La chanson la plus importante d’Emerikia s’intitule Bienvenue à QC, une rythmique one drop signée par le tandem montréalais Riddimwise qui s’écoute comme un hommage à peine voilé au succès Welcome to Jamrock de Damien Jr. Gong Marley, jusque dans ses premières strophes empruntant la prosodie du fils de Bob : « Bienvenue à QC ! / La légende dit qu’elle m’a choisie / On y vit tranquille, ben cosy… »

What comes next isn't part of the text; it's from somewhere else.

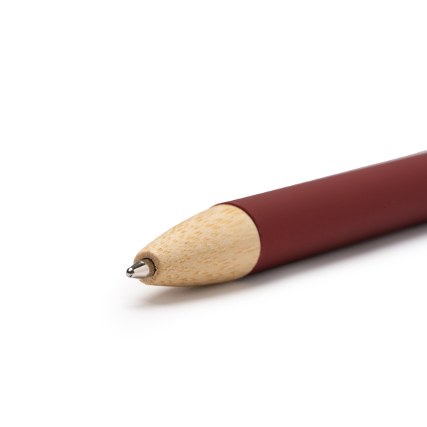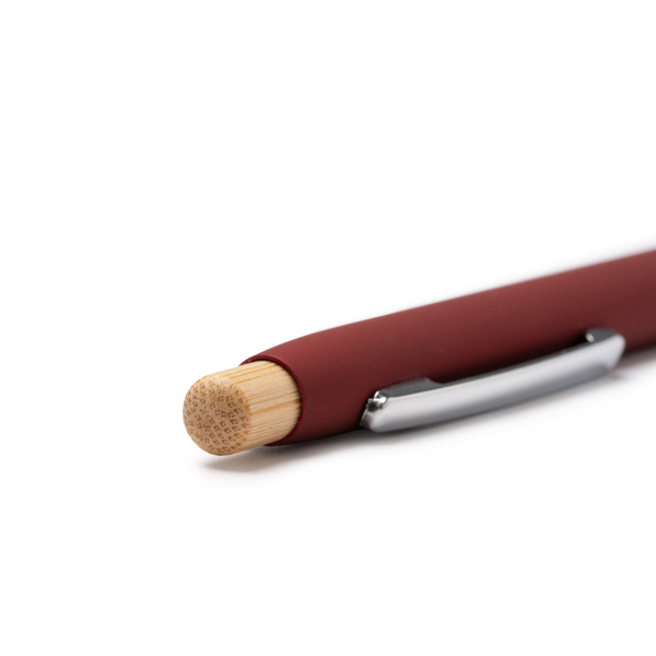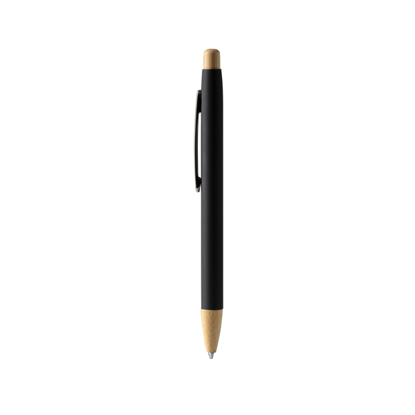 Caneta de metal emborrachado com acabamento de botão de pressão e detalhes em bambu, oferecendo um design natural e sustentável. O clip cromado confere um toque de elegância e funcionalidade. Recarga de tinta azul Jumbo.
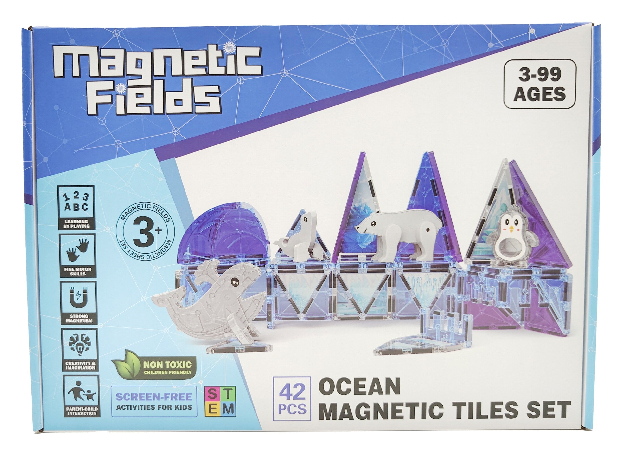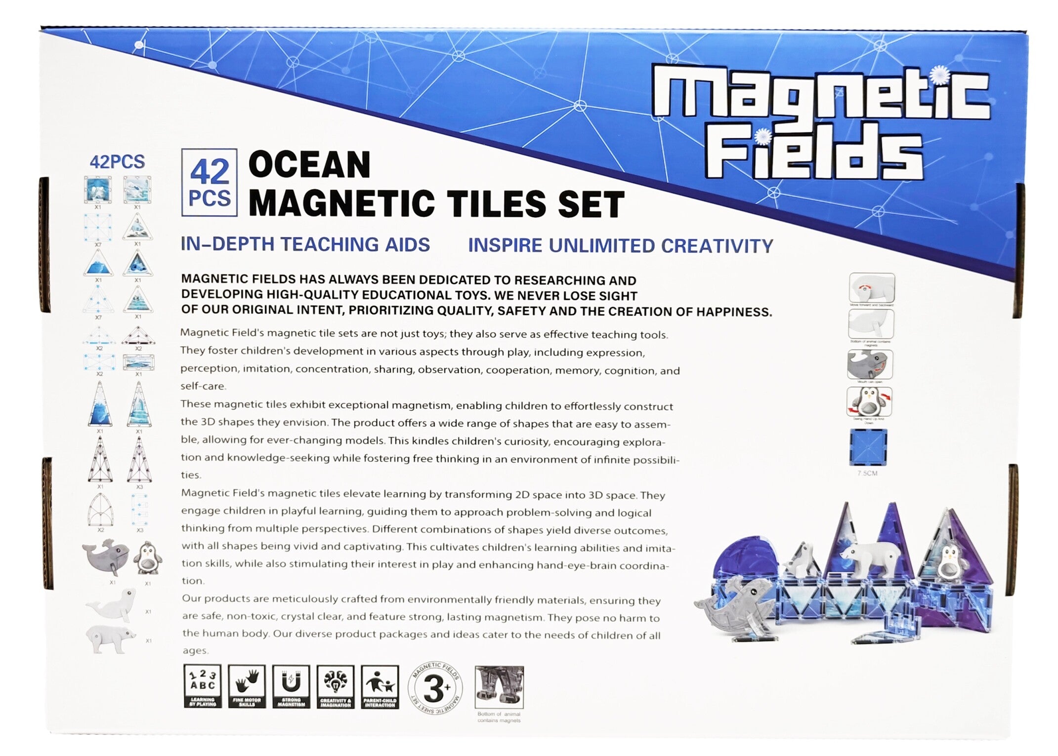 Magnetic Fields Ocean Magnetic Tiles Set - 42 Pcs offers children a creative way to explore the wonders of the ocean through hands-on play. With 42 vibrant magnetic tiles, this set allows young builders to create underwater scenes, sea animals, and aquatic structures, encouraging imagination and creativity. Ideal for children aged 3 and up, it promotes the development of fine motor skills, spatial awareness, and problem-solving abilities while introducing STEM concepts. Perfect for solo or group play, the Ocean Magnetic Tiles Set provides endless opportunities for learning, exploration, and fun in the ocean world.

« J’étais en répétition l’autre jour et, tout d’un coup, je me suis imaginé devant la foule chanter cette chanson — je te dis, j’en ai presque eu les larmes aux yeux », confie le musicien, qui a récemment lancé un vidéoclip pour cette chanson, dans lequel apparaissent plusieurs personnalités de la scène culturelle de la ville — ainsi que son amie Catherine Dorion, députée de Québec solidaire dans la circonscription de Taschereau. Imaginez : le Québécois d’origine tunisienne, entouré de ses potes de la capitale, entonnant cette lettre d’amour à sa ville d’adoption en plein Festival d’été de Québec. Alors que l’adoption de la loi 21 fait toujours polémique, notamment dans cette capitale de la radio-poubelle, l’image fait rêver.

Dans l’espoir

« Je ne me considère pas comme arabe, ou musulman, ou whatever, mais quand même, dire Bienvenue à QC, ça veut dire quelque chose », estime King Abid, qui se défend de faire de la musique engagée. « Ma réponse [aux débats n’est pas politique], elle est musicale. Je reste dans l’espoir. Je ne parlerai pas en mal des politiciens, je préfère donner l’exemple en restant positif. Je sais que plein de gens pensent qu’il y a beaucoup de racistes à Québec, mais moi, cette ville, je la connais. C’est une merveilleuse ville, les Québécois que je connais ne m’ont jamais fait sentir autrement que comme leur ami, et c’est de ça que je témoigne. Et puis, prenons du recul un moment : ces racistes, on n’en a rien à foutre. Ce sont tous des vieux, de toute façon, ils vont partir un jour. Et les radios, faut pas embarquer dans leur game. Venez donc à nos concerts plutôt ! »

« Eh oui, c’est malade que l’ostie d’Arabe aille chanter Bienvenue à QC pendant le Festival d’été de Québec ! »

King Abid sera en spectacle à la place d’Youville à 18 h jeudi.